(WHAT THE TASK REQUIRES): Below is a listing; retype exactly the lines between the one containing "청와대 국민청원 게시판에" and the one containing "从概念特征来看,今日涨停板个股中,光通信、液冷服务器、大消费概念的个股最多。", inclusive, minus the pictures.

(DATA FOR THIS EXERCISE):
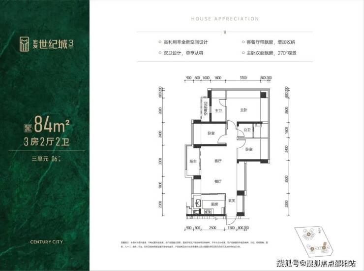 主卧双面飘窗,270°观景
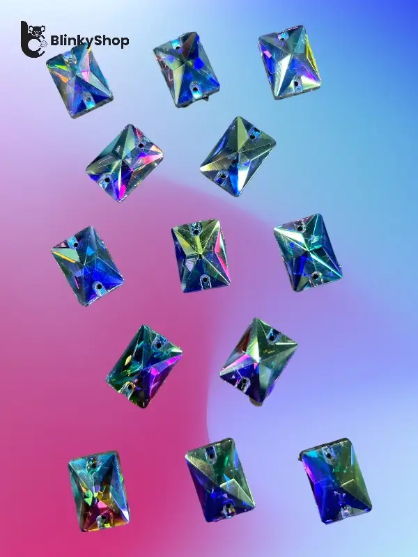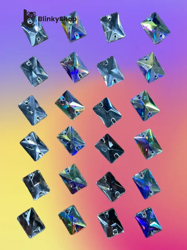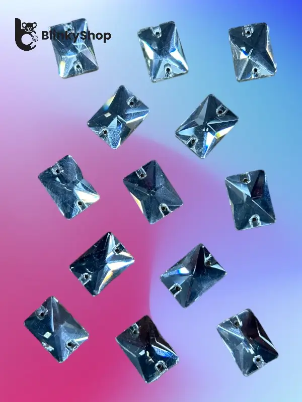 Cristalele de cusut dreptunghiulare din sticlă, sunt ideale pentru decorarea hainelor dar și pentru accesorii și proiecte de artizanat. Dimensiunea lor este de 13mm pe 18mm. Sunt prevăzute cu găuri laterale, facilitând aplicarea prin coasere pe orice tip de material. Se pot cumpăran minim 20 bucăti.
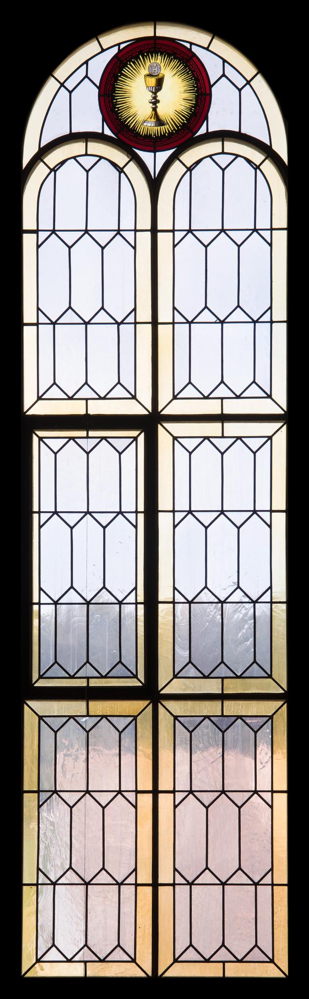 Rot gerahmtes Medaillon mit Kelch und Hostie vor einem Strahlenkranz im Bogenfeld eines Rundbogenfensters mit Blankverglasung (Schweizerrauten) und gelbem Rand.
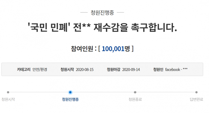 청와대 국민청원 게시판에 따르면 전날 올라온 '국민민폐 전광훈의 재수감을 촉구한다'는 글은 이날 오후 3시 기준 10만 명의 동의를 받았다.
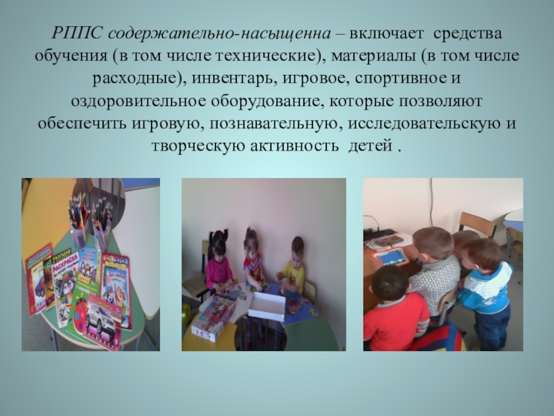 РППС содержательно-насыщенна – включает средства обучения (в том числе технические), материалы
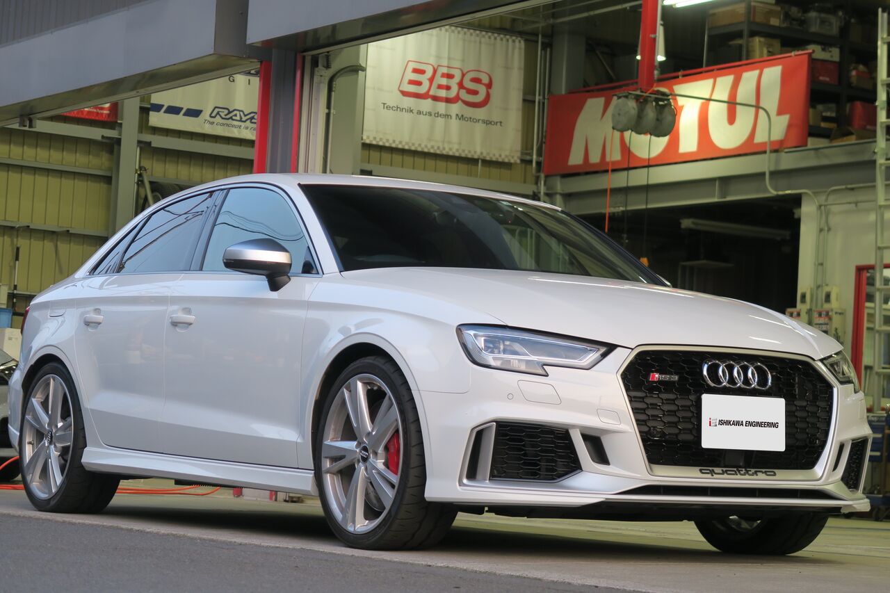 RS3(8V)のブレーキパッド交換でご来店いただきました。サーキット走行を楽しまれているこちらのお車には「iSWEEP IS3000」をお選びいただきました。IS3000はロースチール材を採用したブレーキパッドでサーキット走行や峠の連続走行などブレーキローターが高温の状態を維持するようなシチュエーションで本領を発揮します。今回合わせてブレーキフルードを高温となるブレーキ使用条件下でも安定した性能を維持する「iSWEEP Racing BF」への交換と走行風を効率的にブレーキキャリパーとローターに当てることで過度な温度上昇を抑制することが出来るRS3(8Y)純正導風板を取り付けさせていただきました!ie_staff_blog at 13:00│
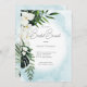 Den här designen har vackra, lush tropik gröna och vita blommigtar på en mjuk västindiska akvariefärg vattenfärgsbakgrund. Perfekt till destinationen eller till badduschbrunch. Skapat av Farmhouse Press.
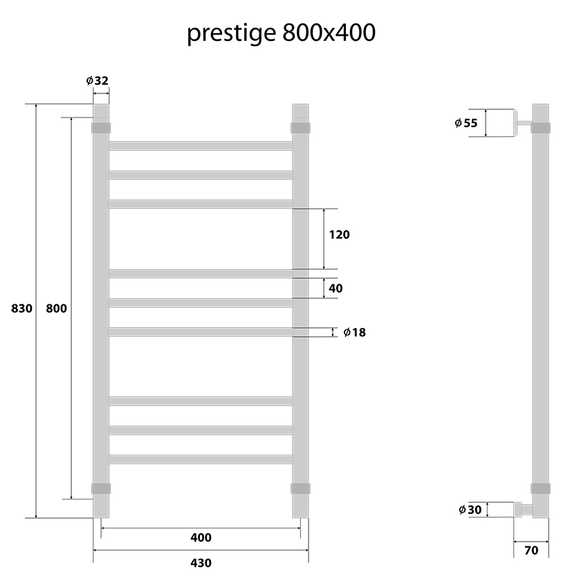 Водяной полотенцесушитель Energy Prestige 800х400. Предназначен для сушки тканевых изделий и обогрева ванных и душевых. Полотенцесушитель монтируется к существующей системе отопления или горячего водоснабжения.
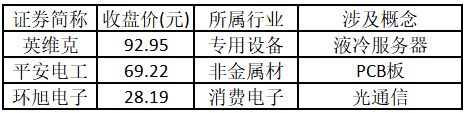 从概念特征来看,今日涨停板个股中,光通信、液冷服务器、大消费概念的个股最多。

* * *

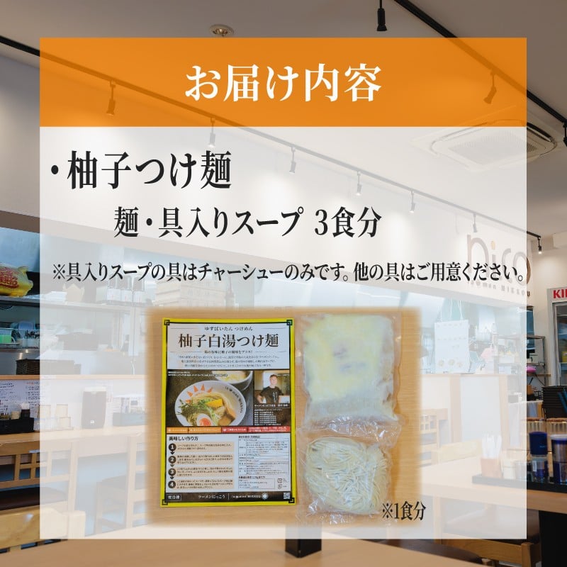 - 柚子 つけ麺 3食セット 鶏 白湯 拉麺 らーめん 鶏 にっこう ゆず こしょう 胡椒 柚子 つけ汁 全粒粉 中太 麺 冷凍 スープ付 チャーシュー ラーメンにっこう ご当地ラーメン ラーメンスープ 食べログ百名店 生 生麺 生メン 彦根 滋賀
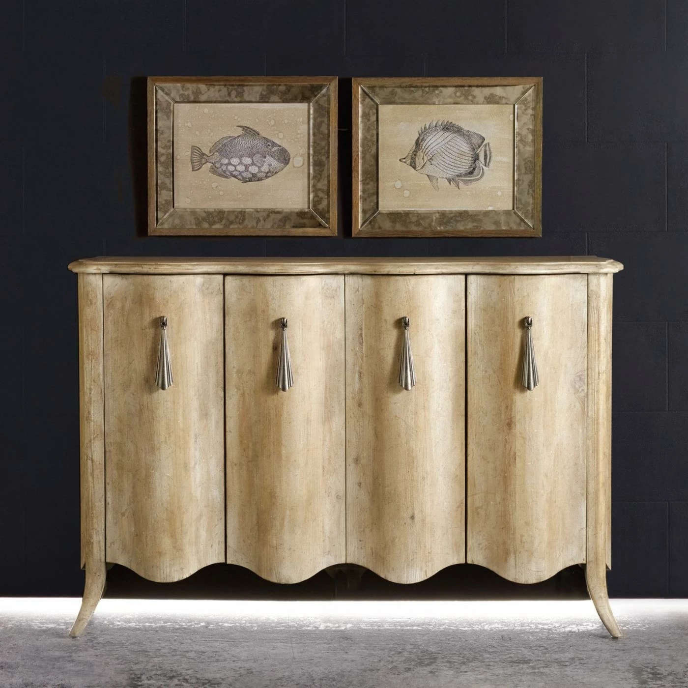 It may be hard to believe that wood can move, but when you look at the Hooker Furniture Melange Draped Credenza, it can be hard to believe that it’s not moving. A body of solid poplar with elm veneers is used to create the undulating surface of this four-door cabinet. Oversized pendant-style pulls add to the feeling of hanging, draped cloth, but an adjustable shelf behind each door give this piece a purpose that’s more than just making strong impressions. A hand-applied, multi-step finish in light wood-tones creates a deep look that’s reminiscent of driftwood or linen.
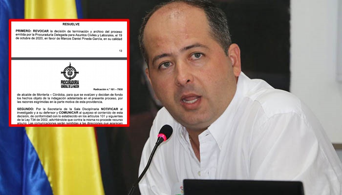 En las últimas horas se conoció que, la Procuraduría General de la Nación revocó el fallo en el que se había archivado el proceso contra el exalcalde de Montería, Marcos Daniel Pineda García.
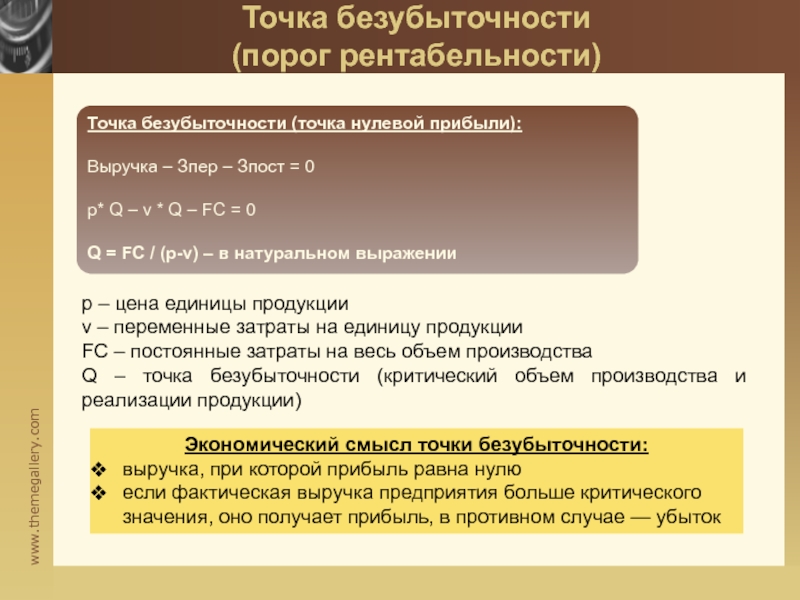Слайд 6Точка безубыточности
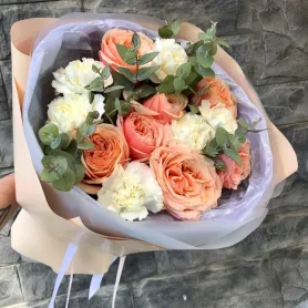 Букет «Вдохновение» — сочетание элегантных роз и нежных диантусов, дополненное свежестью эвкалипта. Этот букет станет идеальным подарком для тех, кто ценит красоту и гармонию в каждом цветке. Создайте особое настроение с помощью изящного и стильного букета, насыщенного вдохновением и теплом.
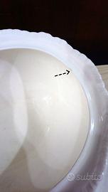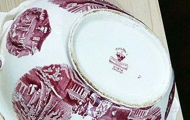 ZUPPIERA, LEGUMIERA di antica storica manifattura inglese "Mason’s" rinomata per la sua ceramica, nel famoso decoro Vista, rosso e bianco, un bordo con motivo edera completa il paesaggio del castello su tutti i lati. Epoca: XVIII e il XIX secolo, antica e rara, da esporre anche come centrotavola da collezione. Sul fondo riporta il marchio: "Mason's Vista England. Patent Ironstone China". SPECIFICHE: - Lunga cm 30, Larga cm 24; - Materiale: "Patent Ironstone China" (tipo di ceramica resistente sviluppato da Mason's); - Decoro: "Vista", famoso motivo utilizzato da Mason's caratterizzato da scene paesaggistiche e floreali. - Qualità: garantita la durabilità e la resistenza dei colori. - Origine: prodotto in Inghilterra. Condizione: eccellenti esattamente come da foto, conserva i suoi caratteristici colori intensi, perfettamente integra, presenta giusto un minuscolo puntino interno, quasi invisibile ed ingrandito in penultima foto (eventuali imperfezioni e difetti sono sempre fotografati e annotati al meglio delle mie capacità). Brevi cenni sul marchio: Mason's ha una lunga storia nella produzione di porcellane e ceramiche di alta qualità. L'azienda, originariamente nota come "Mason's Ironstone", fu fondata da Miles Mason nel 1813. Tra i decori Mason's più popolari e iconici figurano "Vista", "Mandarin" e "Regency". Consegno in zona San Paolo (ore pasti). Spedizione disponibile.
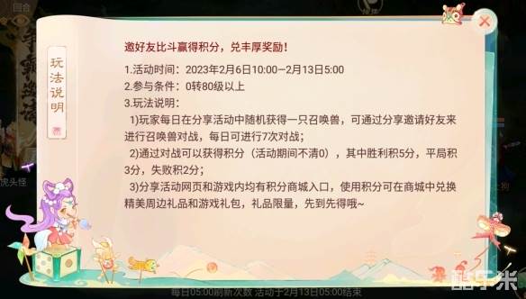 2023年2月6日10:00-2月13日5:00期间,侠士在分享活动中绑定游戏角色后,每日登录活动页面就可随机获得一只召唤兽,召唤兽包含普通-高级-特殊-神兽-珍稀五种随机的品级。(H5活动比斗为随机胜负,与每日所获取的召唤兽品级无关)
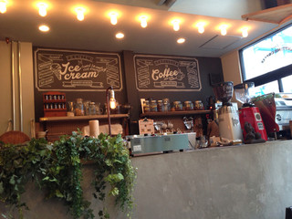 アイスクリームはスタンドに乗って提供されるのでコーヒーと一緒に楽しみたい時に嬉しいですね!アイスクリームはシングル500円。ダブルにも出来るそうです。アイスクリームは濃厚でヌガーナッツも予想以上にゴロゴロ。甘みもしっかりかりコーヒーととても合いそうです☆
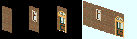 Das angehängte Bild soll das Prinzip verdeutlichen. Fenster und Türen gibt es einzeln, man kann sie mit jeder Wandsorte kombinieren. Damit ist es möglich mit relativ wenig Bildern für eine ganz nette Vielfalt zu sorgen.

--

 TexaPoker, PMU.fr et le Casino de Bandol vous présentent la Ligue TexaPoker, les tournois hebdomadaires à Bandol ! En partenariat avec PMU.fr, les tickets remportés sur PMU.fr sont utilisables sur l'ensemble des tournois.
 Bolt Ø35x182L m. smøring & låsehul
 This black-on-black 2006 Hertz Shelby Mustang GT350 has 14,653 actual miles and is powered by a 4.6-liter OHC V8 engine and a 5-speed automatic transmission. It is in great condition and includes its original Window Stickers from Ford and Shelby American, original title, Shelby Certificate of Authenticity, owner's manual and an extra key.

(ANSWER SECTION):
 청와대 국민청원 게시판에 따르면 전날 올라온 '국민민폐 전광훈의 재수감을 촉구한다'는 글은 이날 오후 3시 기준 10만 명의 동의를 받았다.
 РППС содержательно-насыщенна – включает средства обучения (в том числе технические), материалы
 RS3(8V)のブレーキパッド交換でご来店いただきました。サーキット走行を楽しまれているこちらのお車には「iSWEEP IS3000」をお選びいただきました。IS3000はロースチール材を採用したブレーキパッドでサーキット走行や峠の連続走行などブレーキローターが高温の状態を維持するようなシチュエーションで本領を発揮します。今回合わせてブレーキフルードを高温となるブレーキ使用条件下でも安定した性能を維持する「iSWEEP Racing BF」への交換と走行風を効率的にブレーキキャリパーとローターに当てることで過度な温度上昇を抑制することが出来るRS3(8Y)純正導風板を取り付けさせていただきました!ie_staff_blog at 13:00│
 Den här designen har vackra, lush tropik gröna och vita blommigtar på en mjuk västindiska akvariefärg vattenfärgsbakgrund. Perfekt till destinationen eller till badduschbrunch. Skapat av Farmhouse Press.
 Водяной полотенцесушитель Energy Prestige 800х400. Предназначен для сушки тканевых изделий и обогрева ванных и душевых. Полотенцесушитель монтируется к существующей системе отопления или горячего водоснабжения.
 从概念特征来看,今日涨停板个股中,光通信、液冷服务器、大消费概念的个股最多。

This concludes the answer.